The red stop light got turned on and I noticed that the little girl had finally pressed the stop button. The bus stopped by a little photography shop, and the girl stood up from her seat. But then, when I looked at her, I was suddenly staring at an old woman. She smiled politely at me, just like before. She had some trouble getting down to the doors, and I looked amazed while she stepped out on the side walk and went in to visit the photographer. I managed to see her shaking a man's hand, where after he showed her a seat that was surrounded by white lilies and a sharp cone of light.
The bus continued and I was left wondering. I was completely dry, and when I finally saw my own wrinkly fingers, I no longer wondered.
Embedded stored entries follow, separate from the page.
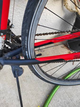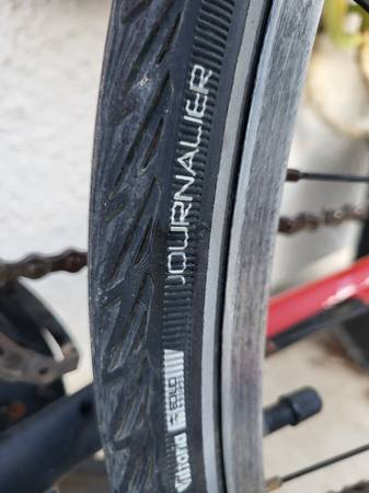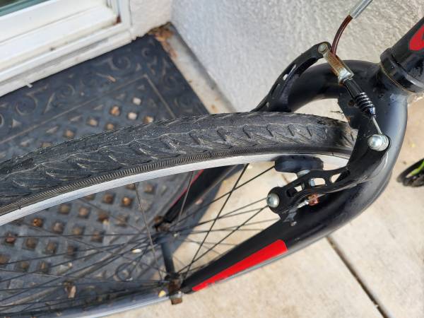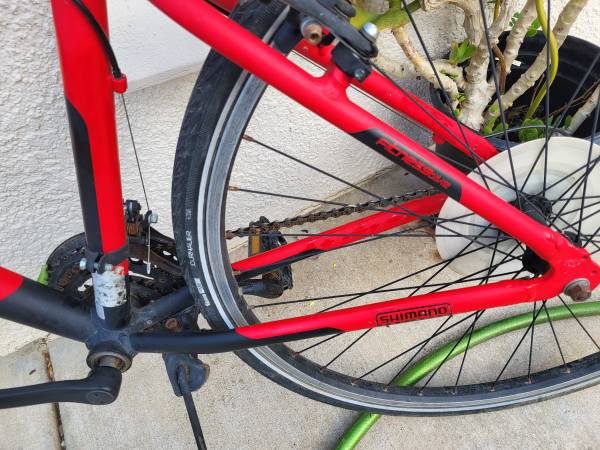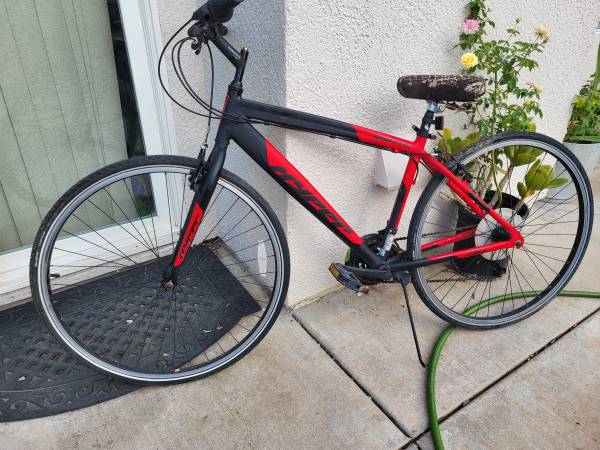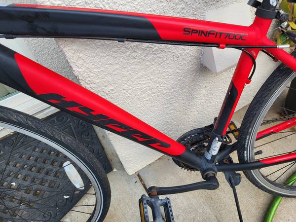 Hyper Spinfit 700C, red, new tires, 700x35C or 28x15x8x1 3/8 tire size, large frame, shimano drive train, 21 speed shifter.
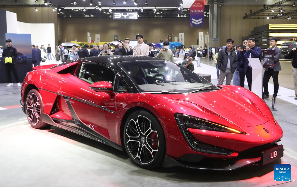 GOYANG, 8 abril, 2025 (Xinhua) -- Visitantes observan un automóvil deportivo en el estand del fabricante chino de vehículos eléctricos BYD durante el Salón de la Movilidad de Seúl 2025, en la ciudad de Goyang, en la provincia de Gyeonggi, República de Corea, el 8 de abril de 2025. El Salón de la Movilidad de Seúl 2025 se lleva a cabo aquí del 4 al 13 de abril. (Xinhua/Yao Qilin)
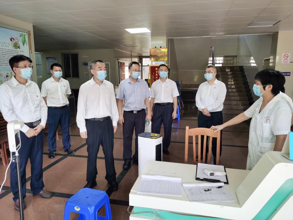 在湖光校区校门诊部,曹俊明一行深入查看了预检分诊情况,向假期值班医护人员致以节日问候,希望他们加强值班值守,努力为留校师生提供周到可靠的医疗保障服务。
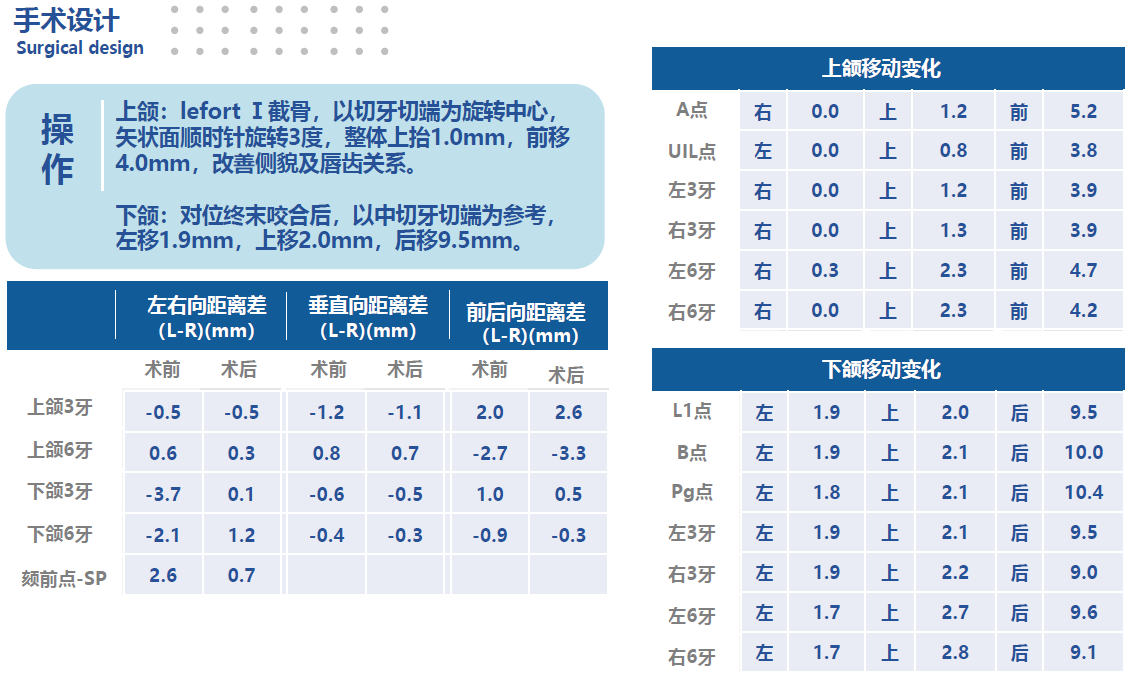 手術(shù)方案:上頜骨 LefortⅠ型截骨術(shù)+下頜骨矢狀劈開截骨術(shù)

The next stop was my own, and I pressed the button. I limped down to the door, and finally got out. The bus disappeared down the street, while a young, exhausted man came running to the bus stop. He looked disappointingly at the dust that the bus had left behind.
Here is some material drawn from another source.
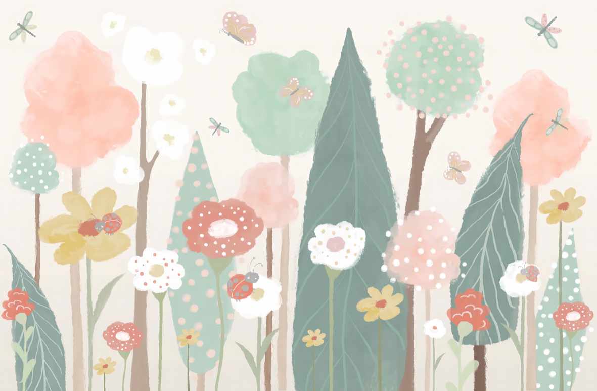 Delicate watercolor floral trees mural perfect for modern spaces.
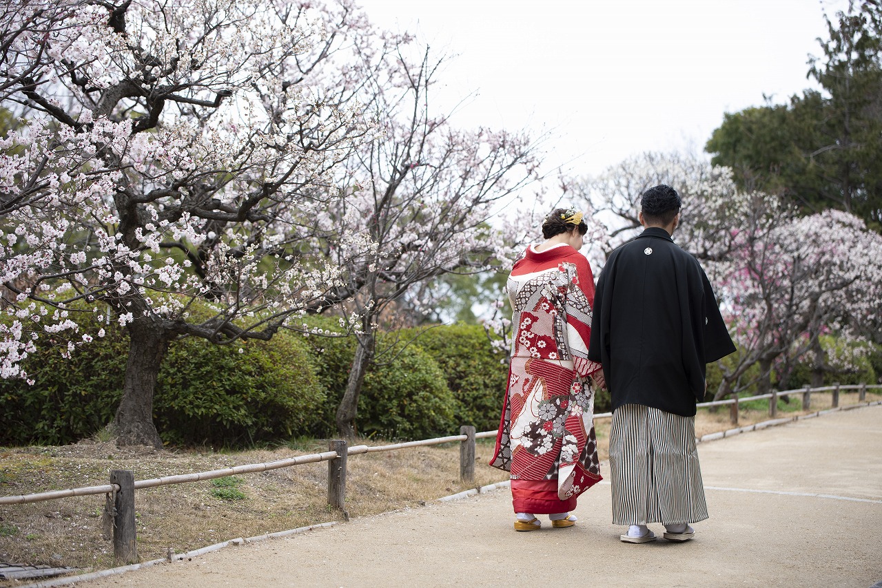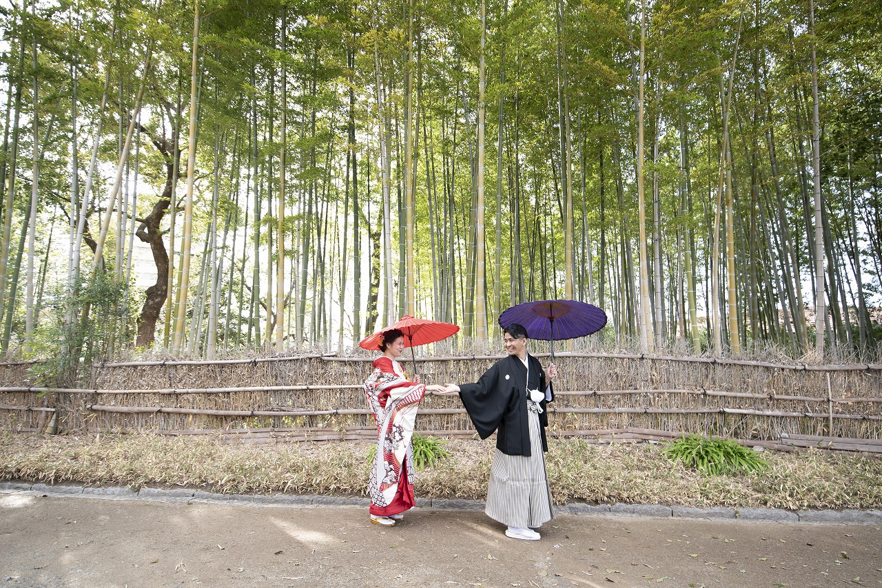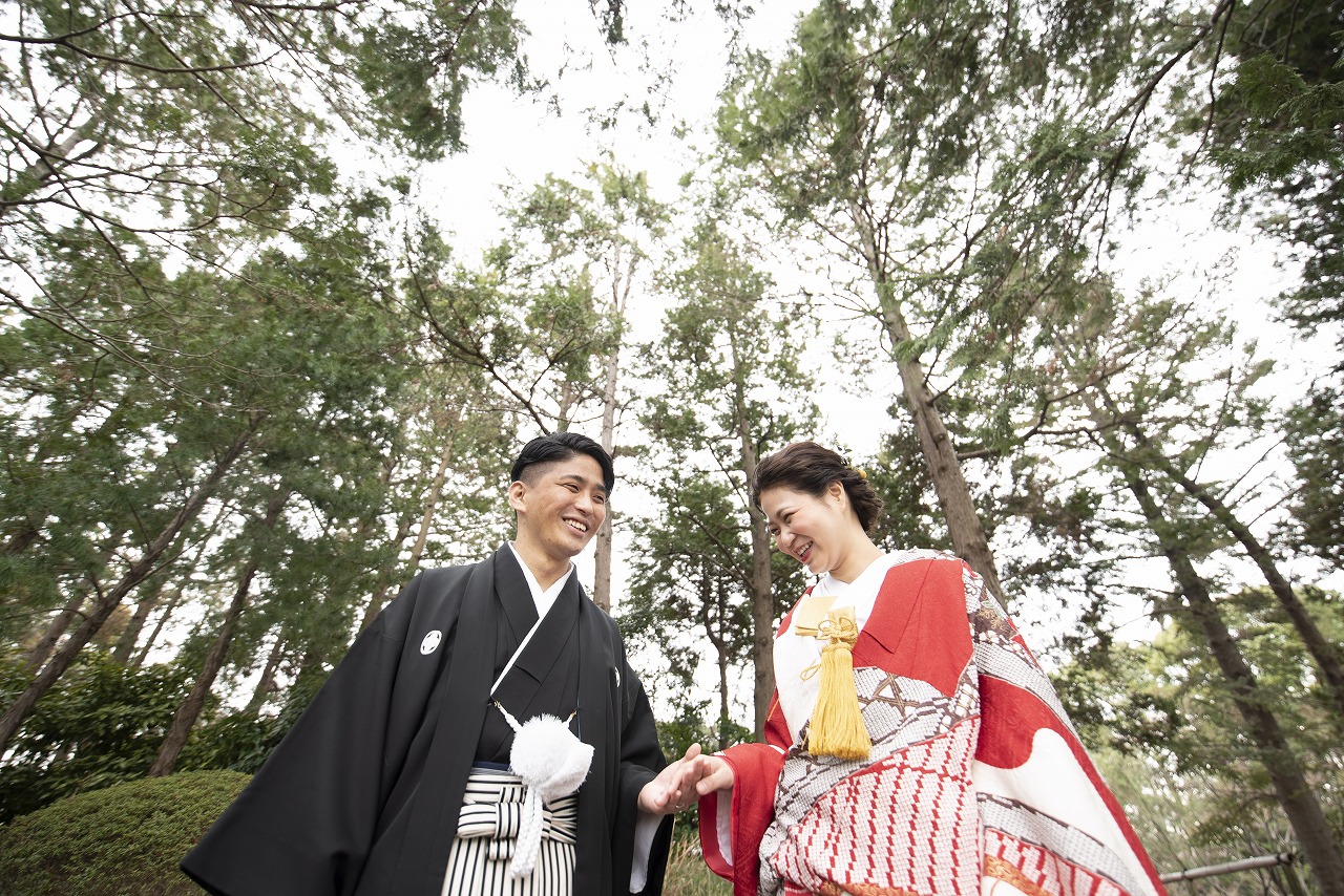 季節感じる白鳥庭園で和装ウェディングフォト撮影♡

"It seems like it could start raining soon, son," I told him and handed him the blue umbrella.

He first looked at me, then at the sky, but he accepted it nonetheless.
I wandered a bit down the street and I was soon enveloped by the red wall of the cemetery. With my shovel in hand I started another day of work, and it was the first time that day, where I could finally feel relieved. In the distance stood a pack of people, all dressed in black. They stood with hanging heads around a grave. In the middle of the crowd a towering, preaching, character stood as he read from a book. Then the coffin was lowered.
At that time, I didn't even think about my own father.
I thought of the little girl in the bus instead.